Model training requires a large amount of labeled data. Therefore, before the model training, label the unlabeled audio files. ModelArts enables you to label audio files in batches by one click. In addition, you can modify the labels of audio files, or remove their labels and label the audio files again.
By default, the Dashboard tab page of the current dataset version is displayed. If you need to label the dataset of another version, click the Versions tab and then click Set to Current Version in the right pane. For details, see Managing Dataset Versions.
ModelArts automatically synchronizes data and labeling information from Input Dataset Path to the dataset details page.
To quickly obtain the latest data in the OBS bucket, click Synchronize Data Source on the Unlabeled tab page of the dataset details page to add the data uploaded using OBS to the dataset.
The dataset details page displays the labeled and unlabeled audio files. The Unlabeled tab page is displayed by default.

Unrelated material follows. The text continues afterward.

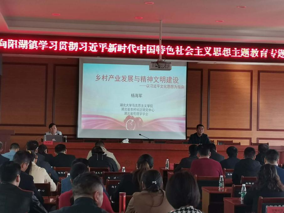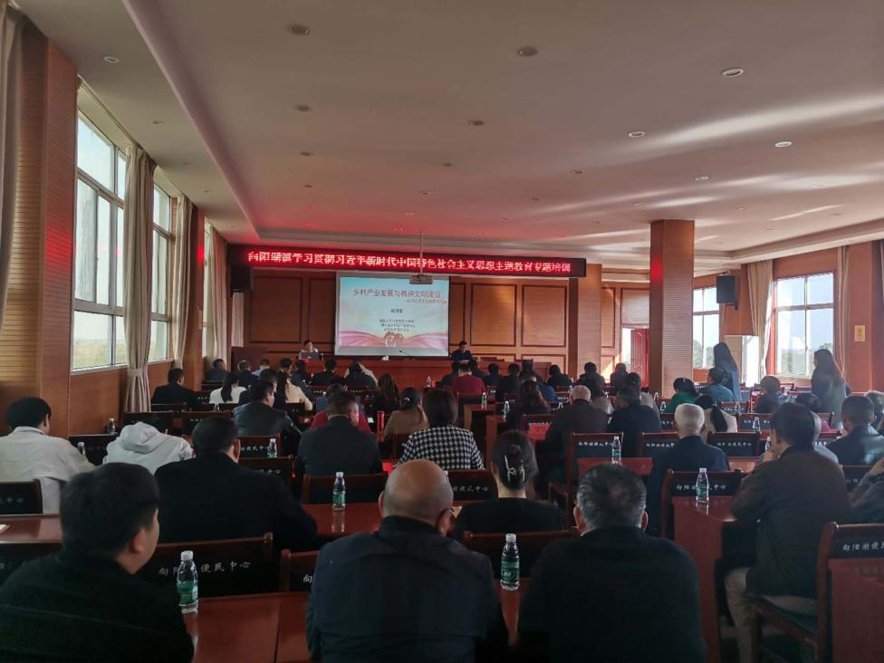(通讯员 邢肖依)2023年11月6日,向阳湖镇举办“学习贯彻习近平新时代中国特色社会主义思想主题教育专题培训”,中心骨干教师杨海军老师受邀做了“乡村产业发展与精神文明建设”主题宣讲。会议主会场设在向阳湖镇便民服务大厅四楼会议室,各村会议室、宝塔社区会议室设分会场,全体镇干部、村(社区)两委干部、国土所、林业站负责人、各村(社区)党员参加了宣讲报告会。报告会由向阳湖镇党委书记陈伟同志主持。

On the dataset details page, click the Labeled tab to view the list of the labeled audio files. Click the audio file to view the audio content in the Speech Content text box on the right.
After labeling data, you can modify labeled data on the Labeled tab page.
On the data labeling page, click the Labeled tab, and select the audio file to be modified from the audio file list. In the label information area on the right, modify the content of the Speech Content text box, and click OK to complete the modification.
In addition to automatically synchronizing data from Input Dataset Path, you can directly add audio files on ModelArts for data labeling.
Select the audio files to be uploaded in the local environment. Only WAV audio files are supported. The size of an audio file cannot exceed 4 MB. The total size of audio files uploaded at a time cannot exceed 8 MB.
The audio files you add will be automatically displayed on the Unlabeled tab page. In addition, the audio files are automatically saved to the OBS directory specified by Input Dataset Path.
You can quickly delete the audio files you want to discard.
On the Unlabeled or Labeled tab page, select the audio files to be deleted, and then click Delete File in the upper left corner. In the displayed dialog box, select or deselect Delete source files as required. After confirmation, click OK to delete the audio files.
If you select Delete source files, audio files stored in the corresponding OBS directory will be deleted when you delete the selected audio files. Deleting source files may affect other dataset versions or datasets using those files. As a result, the page display, training, or inference is abnormal. Deleted data cannot be recovered. Exercise caution when performing this operation.